Climbing Everest Barefoot: the Emerson String Quartet Page 2

Why Shostakovich?

"Back when we began the Beethoven cycle, someone asked us exactly the same question—'Why Beethoven?'—although the reasons there were very different," said violist Larry Dutton. "Many people knew the Beethoven quartets, many amazing musicians had recorded them, so our decision was based upon our need to confront those pieces. With Shostakovich, it's a little different. We love the music, of course, but it's not all that well-known, and perhaps our interpretations of it will make it possible for people who haven't heard it before to become Shostakovich listeners, which would be very gratifying."

"Shostakovich had a profound influence on the 20th century, both musically and politically," violinist Eugene Drucker maintains. "Those two categories overlap in this case—that's because he was under so much pressure for large portions of his career to somehow satisfy the demands of the cultural authorities in the Soviet Union to sound optimistic, to produce music of the masses, for the masses. I think he did that more through his symphonic works and his film scores. In the string quartets, perhaps, he was under a bit less scrutiny than in some of the larger works.

"That left him somewhat freer to explore all the possibilities of harmonic language. He found a way, within the constraints that were imposed upon him, to express the full range of emotion. He found a way also to express some particularly 20th-century kinds of feelings. Some of his music is full of intensity and extremes of harmonic tension that you don't associate with music from the previous century—although certainly there are moments in Beethoven and Wagner where the harmony seems pushed to the extreme. And Shostakovich was able to do that in what was basically a tonal language."

"At first, I'm not sure that all of us really 'got' Shostakovich,' Philip Setzer said. "I don't mean understanding the music, but understanding what the music was really all about. Shostakovich rarely wrote exactly what he meant, except when he was in great pain and expressing that. His humor is very dry and sarcastic. He'd say really outrageous things with a totally straight face, musically speaking.

"Then, there's the whole experience of performing Shostakovich. There are places where he creates a tremendous amount of tension; this is almost like Chekhov, where there are a lot of people on stage, but not much seems to be happening, and yet, if it's well-acted and well-directed, you can just feel the tension building. Shostakovich is like that—it's a very Russian thing—and you need an audience to create the silence that fully informs that tension.

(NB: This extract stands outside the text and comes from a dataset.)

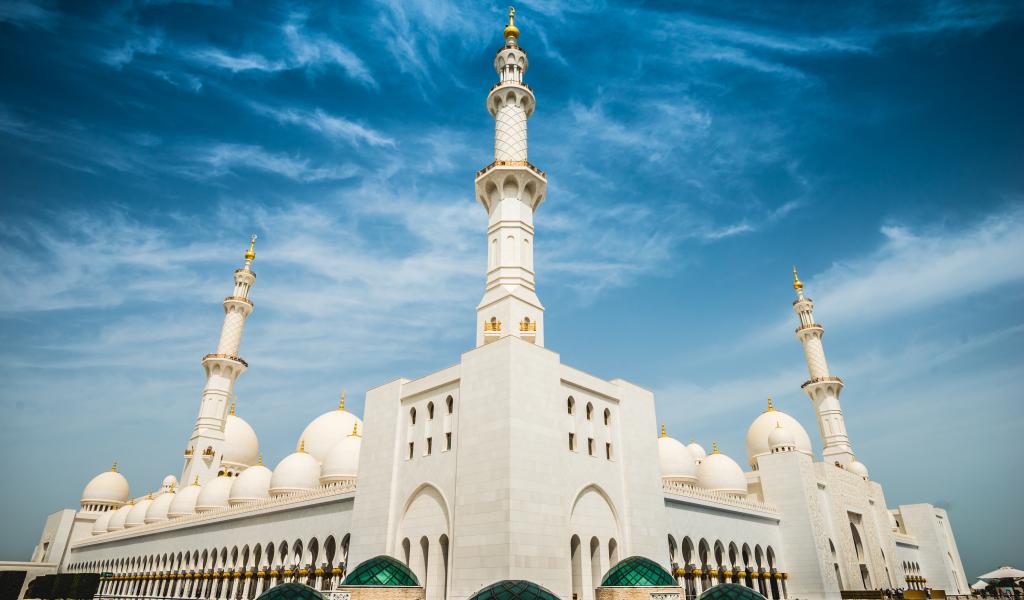 Wallpaper White mosque under a beautiful blue sky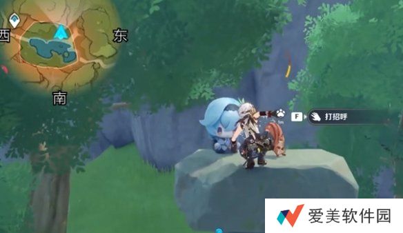 最后朝着这个石柱方向走,爬上去就能找到松鼠,旁边还有一个优菈玩偶。

"If you do Shostakovich well, it's in the music. A lot of times, you're just holding the note, there's a lot of silence, very little seems to be happening. You have to play it with a certain expectation, with a level of intensity of expectation, or it becomes a somewhat banal music. These pieces are very much like theater music—they affect the public deeply," Dutton said. "And the feeling in the hall became an element in our conception of the pieces, so we decided to include the public in our interpretation."

"We've noticed, over the last few years, that Shostakovich has an intense visceral impact upon audiences," added Drucker. "Certain parts of the music actually seem to require an audience to work properly. You can almost imagine different types of lighting, for his intensely desolate, bleak moments when only one or two instruments are playing—you can almost imagine the lights very low onstage, and then a big burst of light as you have a tremendous climax that he's been building up to. And the sustained attention of the audience is palpable. The situation we had in Aspen enabled us to employ that dramatic tension, and the excitement in the audience—you can almost see it in the playback at times."

Is this why the group risked recording a major cycle live—to capture the thrill of an audience discovering one of the 20th century's most affecting voices?

"We essentially have the attitude that a lot of people climb Mount Everest, so we're going to climb it barefoot," quipped cellist David Frankel. "We considered it a challenge that would deliver an intensity that would be audible—and we were right, and we're excited about that. I think this sounds quite different from our other recordings.